Sphingosine-1-phosphate (S1P) is a lysophospholipid with various biological activities, such as anti-inflammation and antioxidative stress.^7,8 Previous studies have reported that S1P is an important regulator of endothelial and vascular functions and is crucial for cardiovascular development and regulation of vascular permeability.^9,10 Plasma S1P is believed to contribute to the occurrence and development of myocardial ischemia in different clinical and experimental models and may serve as a new predictive biomarker for cardiac and metabolic disorders.¹¹ Brinck et al.¹² found that glycation can reduce the content of S1P in high-density lipoprotein, leading to increased cardiomyocyte death. It has been reported that plasma S1P level is inversely associated with diabetic patients’ mortality, which usually results from diabetes mellitus-related cardiomyopathy.¹³ These findings indicate that S1P plays a protective role in diabetic cardiomyopathy. Previous studies have shown that S1P can regulate angiogenesis, inflammation, permeability, and reactive oxygen species production in endothelial cells¹⁴ as well as balance lipid homeostasis in diabetic patients with cardiovascular disease.¹⁵ It has been confirmed that the majority of known S1P effects are based on three specific G-protein-coupled receptors, termed as S1P receptor (S1PR)1–S1PR3, which are the mainly expressed receptors of S1P in the cardiovascular system. Moreover, S1P plays vital roles in regulating cardiovascular functions by binding to and activating S1PR1–S1PR3.^16–18 However, the effect of S1P in diabetic cardiomyopathy has not been fully elucidated.
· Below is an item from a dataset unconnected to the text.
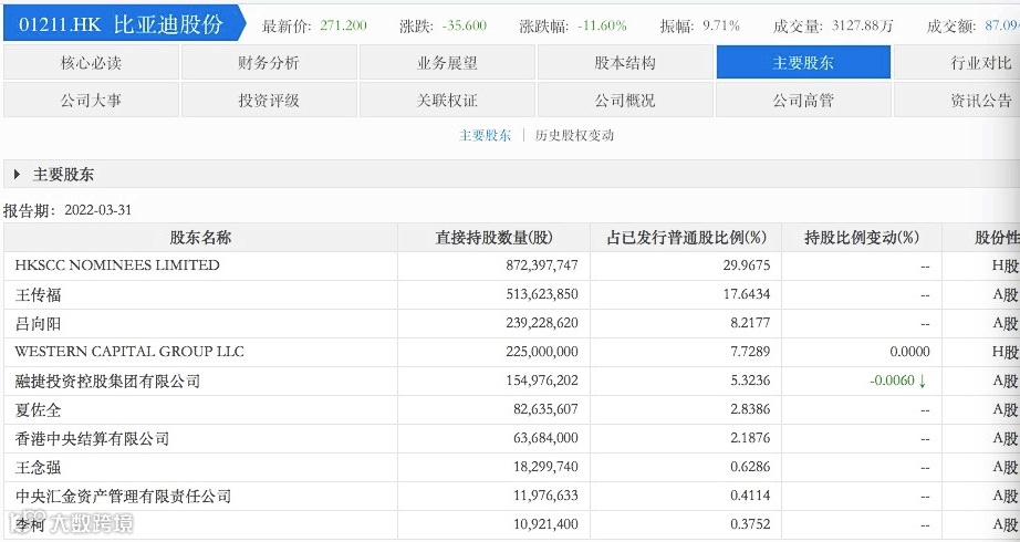 根据比亚迪最新披露的股东信息,截至今年3月31日,伯克希尔100%控股的WESTERN CAPITAL GROUP LLC(西部资本集团有限公司)仍然为比亚迪第四大股东,持股数为2.25亿股,持股比例为7.73%。

Based on the above data, we hypothesized that S1P may alleviate myocardial vascular homeostasis imbalance caused by diabetes through its receptors. Therefore, based on the diabetic mouse model, we investigated the effect of S1P on the myocardium of diabetic mice via intraperitoneal injection of S1P and detected the expression of S1PRs, providing a reference for its clinical application.

Materials and methods

Main reagents

Streptozotocin (STZ) was purchased from Solarbio (Beijing, China). High-sugar, high-fat feed (DB0001) and endothelial nitric oxide synthase (eNOS) detection kit (20230310) were purchased from Bioswamp (Wuhan, China). S1P (S9666-1MG) was purchased from Sigma-Aldrich (Darmstadt, Germany). S1PR1 and S1PR2 antibodies were purchased from Invitrogen (Grand Island, US). Antibodies against S1PR3, vascular endothelial (VE)-cadherin, CD31, vascular endothelial growth factor (VEGF), and glyceraldehyde-3-phosphate dehydrogenase (GAPDH) were purchased from Bioswamp (Wuhan, China).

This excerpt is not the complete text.